# My p's eat pellets, my p's eat pellets...



## Judazzz (Jan 13, 2003)

Earlier this week I went to my favorite lfs, just to nose around a little (of course I ended up bringing home 30 bucks worth of fish....







), and when I paid them, they gave me some sample bags of Tetra Wafer Mix (two types of pellets: one with spirulina algae, and one with meaty contents).
When I came home, I tossed some crushed pellets in, and noticed that my reds became a little excited, but they didn't act.... The next day, again I tossed in some, to feed the catfish, and noticed that shortly after they sank to the bottom, my reds started scavenging the gravel like crazy (they reminded me of oversized cories...), but when I tossed in some more, they ignored that... And today, I again tossed in crushed pellets, and again my reds became really excited. Being a stubborn ass, I decided to throw in some more pellets, to see what the p's would do, and this time they were all over it, fighting over each little pellet. They almost looked like children being handed some candy...

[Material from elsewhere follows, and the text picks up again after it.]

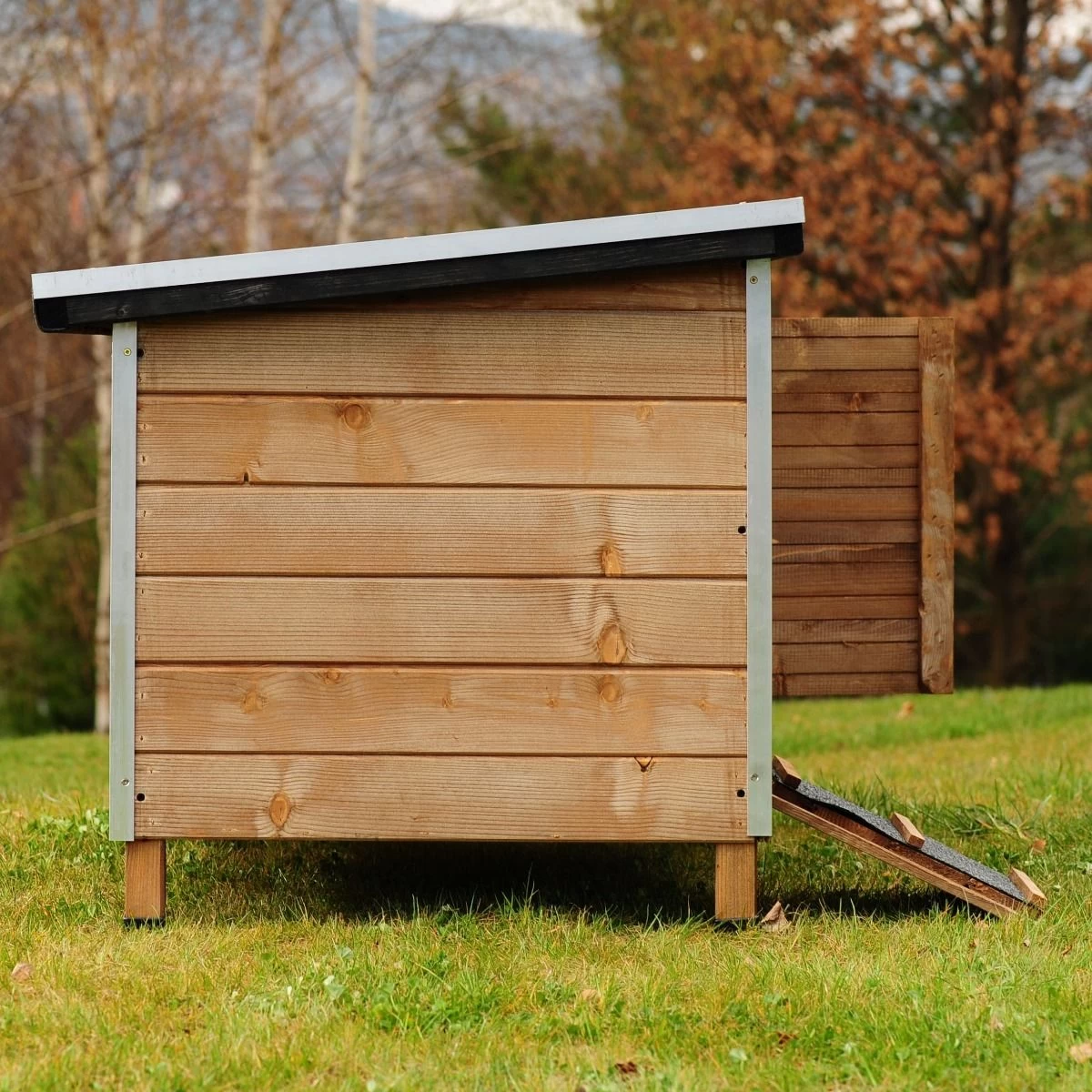 Sa structure se compose de panneaux de bois épais de 10 à 11 mm garantissant une protection efficace de vos animaux contre les intempéries.

I'm really excited that they accept these pellets, because I tried over and over with all sorts of pellets, but out of every 20 I dropped in, maybe one got eaten by them. It's a great addition to their regular, meaty diet (since they contain all sorts of vitamines, algae and other healthy ingredients).

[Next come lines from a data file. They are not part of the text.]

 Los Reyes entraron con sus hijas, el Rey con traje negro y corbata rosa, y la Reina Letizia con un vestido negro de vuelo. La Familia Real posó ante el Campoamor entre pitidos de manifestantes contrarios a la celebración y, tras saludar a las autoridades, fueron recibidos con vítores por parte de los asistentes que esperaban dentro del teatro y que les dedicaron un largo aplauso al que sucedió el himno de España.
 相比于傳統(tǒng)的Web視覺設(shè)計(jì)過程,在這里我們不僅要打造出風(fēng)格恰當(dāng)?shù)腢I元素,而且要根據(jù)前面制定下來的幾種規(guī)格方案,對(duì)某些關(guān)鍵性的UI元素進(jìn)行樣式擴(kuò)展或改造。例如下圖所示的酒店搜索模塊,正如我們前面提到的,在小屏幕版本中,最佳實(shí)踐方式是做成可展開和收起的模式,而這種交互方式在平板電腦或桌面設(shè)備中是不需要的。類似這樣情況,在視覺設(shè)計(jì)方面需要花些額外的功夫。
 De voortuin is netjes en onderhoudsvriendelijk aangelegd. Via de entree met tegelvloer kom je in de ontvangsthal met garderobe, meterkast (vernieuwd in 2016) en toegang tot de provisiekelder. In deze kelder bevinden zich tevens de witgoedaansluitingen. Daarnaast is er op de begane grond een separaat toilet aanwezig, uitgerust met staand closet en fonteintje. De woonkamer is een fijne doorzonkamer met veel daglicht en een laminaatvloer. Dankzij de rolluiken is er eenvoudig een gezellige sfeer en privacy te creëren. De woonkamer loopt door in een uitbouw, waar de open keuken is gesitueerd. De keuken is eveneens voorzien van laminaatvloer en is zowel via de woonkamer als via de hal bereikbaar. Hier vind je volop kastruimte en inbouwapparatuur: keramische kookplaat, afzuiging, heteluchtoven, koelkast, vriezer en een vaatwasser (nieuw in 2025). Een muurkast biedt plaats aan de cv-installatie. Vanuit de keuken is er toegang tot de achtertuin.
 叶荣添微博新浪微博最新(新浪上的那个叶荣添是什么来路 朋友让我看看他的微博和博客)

Anyways, just wanted to share this.
Thanks for reading, and now you may continue with your normal business


----------



## InSinUAsian (Jan 3, 2003)

Thats great Jud. I have my spilos on a diet that consists of me offering pellets every other day. I think that makes for a more nutritional diet IMO.

~Dj


----------



## thePACK (Jan 3, 2003)

damn you .....







...hahaha..congrads..i wish i could get my p to except pellets


----------



## InSinUAsian (Jan 3, 2003)

thePACK - what type of P's do you have? Solitary Serra's will be almost impossible to convert to pellets. The key is to have a school. Keep trying at it, sonner or later one will take to them. Once one does, the others will realize that pellets are in fact food. Soon you will have a school that takes to pellets. I would say that mine are just about all accepting pellets, BUT, it has taken me about 2 months all together of slowly introducing them to pellets.

~Dj


----------



## SnowCichlid (Jan 10, 2003)

pellets, piece O cake... mine eats sinking shrimp pellets, algae waffers, anfloating cichlid pellets


----------



## InSinUAsian (Jan 3, 2003)

Good range there.

~Dj


----------



## NIKE (Jan 27, 2003)

great stuff judazzz







that will be handy.... lucky dog!


----------



## scrapedogg (Apr 28, 2003)

Mine ravage the shrimp pellets, but only if the light is off, like they're trying to hide something.....


----------



## Judazzz (Jan 13, 2003)

scrapedogg said:


> Mine ravage the shrimp pellets, but only if the light is off, like they're trying to hide something.....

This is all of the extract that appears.